Tom Awad showed that there is a relationship between ice time and shooting percentage for forwards; a good shooter is likely to play with other good shooters, and their line is likely to get more than average ice time. So we should be able to do better than just regressing every forward towards the overall average shooting percentage.

Here is a plot showing shooting percentage as a function of average ice time per game:

This plot gives us a starting estimate for each forward's shooting percentage. Before we know a thing about his shooting, we would estimate that a forward who averages 15 minutes of 5v5 ice time per game would have a ~9.7% on-ice shooting percentage, and that his observed performance in a non-infinite sample should be regressed towards that value.

This probably still isn't perfect. It is reasonable to guess that a player who runs hot for a while will get more ice time than his talent warrants, and a player who runs cold will get less ice time. The result then would be that the players who get 15 minutes of ice time likely have less than a 9.7% talent for shooting percentage in the long run, and we could do better by regressing their estimate a bit further. But this estimate will serve for a conservative first pass.

Now let's work on looking at repeatability as a function of sample size, so we know how far to regress each player towards the mean for players with their TOI.
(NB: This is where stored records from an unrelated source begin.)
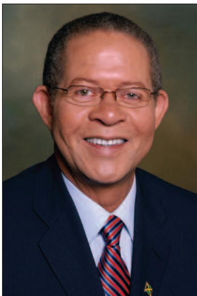
The Honourable Bruce Golding, MP Prime Minister

My fellow Jamaicans, we are now embarking on a path of national transformation through Vision 2030 Jamaica – National Development Plan - a vision of a new society that is inclusive of the dreams and aspirations of all Jamaicans; a society that is secure, humane and just; and a place for which we all take responsibility in owning and protecting for future generations.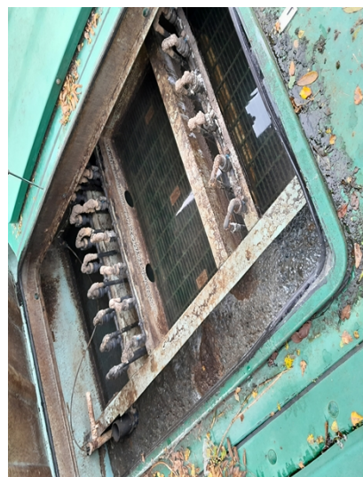
Second Chamber (Fig 4)

I lifted the lid on the third chamber. The amount of solids carry over was again reduced. Please see Fig 4 below.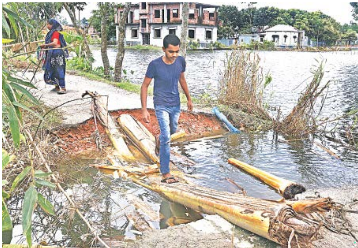
A young man steps onto a makeshift bridge made out of banana trees to cross a road in Manikganj's Shingair upazila that has been eroded as a result of flooding. This photo was taken on Wednesday.

The webinar was broadcasted live from the official Facebook page of Eminence Associates for Social Development.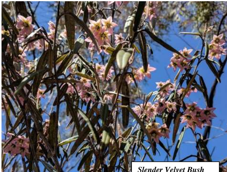
Slender Velvet Bush Lasiopetalum baueri

Mt Henschke is a favourite destination on the SBW walks program and I am sure we will enjoy its rare, local status again, sometime in the future.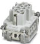
HEAVYCON female insert, B6 series, 6-pos., screw connection

Contact insert - HC-B 6-I-UT-F - 1648128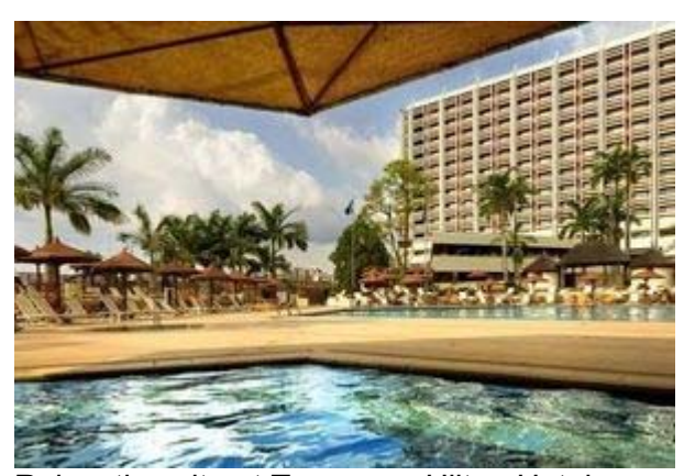
Relaxation site at Transcorp Hilton Hotel

Hotel services include e.g.: recreational facilities, business centre, Club Lounge and 2 Executive floors, Conference/Meeting/Exhibition and Banqueting facilities, Medical Clinic and Dentist, Free Parking, Internet facilities, Simultaneous translation, Handy craft Village, Minizoo and Casino.

Since we're no longer looking to regress everyone towards the same mean, we need to transform the data a little to accomplish this. Instead of comparing their shooting percentage in the two three-year time periods, we will compare their distance above/below their TOI-based expectation in the two samples.

Here is a plot of the repeatability of this metric as a function of how many shots a player was on the ice for in the first time period:

This plot is pretty noisy, which is unsurprising -- we're looking at low correlations, so without a ton of data, there's a lot of room for random chance to play a big role in any given point on this plot. I've arbitrarily picked a fairly simple function as a fit to this data -- again making a conservative estimate of how heavily to regress the data, leaving room for further improvements.

So now we can put the two plots together and make our projections. For any given player, we start with his on-ice shooting percentage in the first three years. We use his TOI to read from the first plot what the mean is for players like him, and we use his sample size to read from the second plot how far to regress towards that mean. That gives us an estimate of his future shooting percentage, which we multiply by his shot rate to project his future goal rate.

This is a conservative estimate of the potential for regression. We can refine the estimates of both his mean and the repeatability, and we could account for regression of his shot rate (which would be smaller because the sample size is much larger, but still isn't zero). We could separate out his own individual shooting percentage (which he has more control over) from his linemate shooting percentage (which regresses more heavily) and produce a better estimate of his future shooting percentage talent. But even with this conservative estimate, we see that applying regression has made appreciable improvements to the predictions:

Predictive power of |
Minutes played in '10-13 | |||

50+ | 1000+ | 2000+ | ||

Minutes played |
50+ | 0.62 / 0.55 | 0.66 / 0.58 | 0.56 / 0.48 |

1000+ | 0.66 / 0.62 | 0.66 / 0.61 | 0.57 / 0.51 | |

2000+ | 0.64 / 0.60 | 0.65 / 0.59 | 0.58 / 0.52 |

Simply making conservative estimates for shooting percentage regression substantially improves our projected goal rate, and dramatically alters our approach to evaluating defensemen. Frankly, I'm not sure how any other result could have been expected once we established that shooting percentage regresses heavily; the alternative would seem to require having a strong inverse correlation between shooting percentage and shot rate. It may be possible to account for some of the variance by examining usage (which might also be possible with the regressed version), but there necessarily must be a random component that should be accounted for.

Hopefully now we can put this three-year debate to rest and account for regression to the mean in any analysis that includes factors with poor repeatability.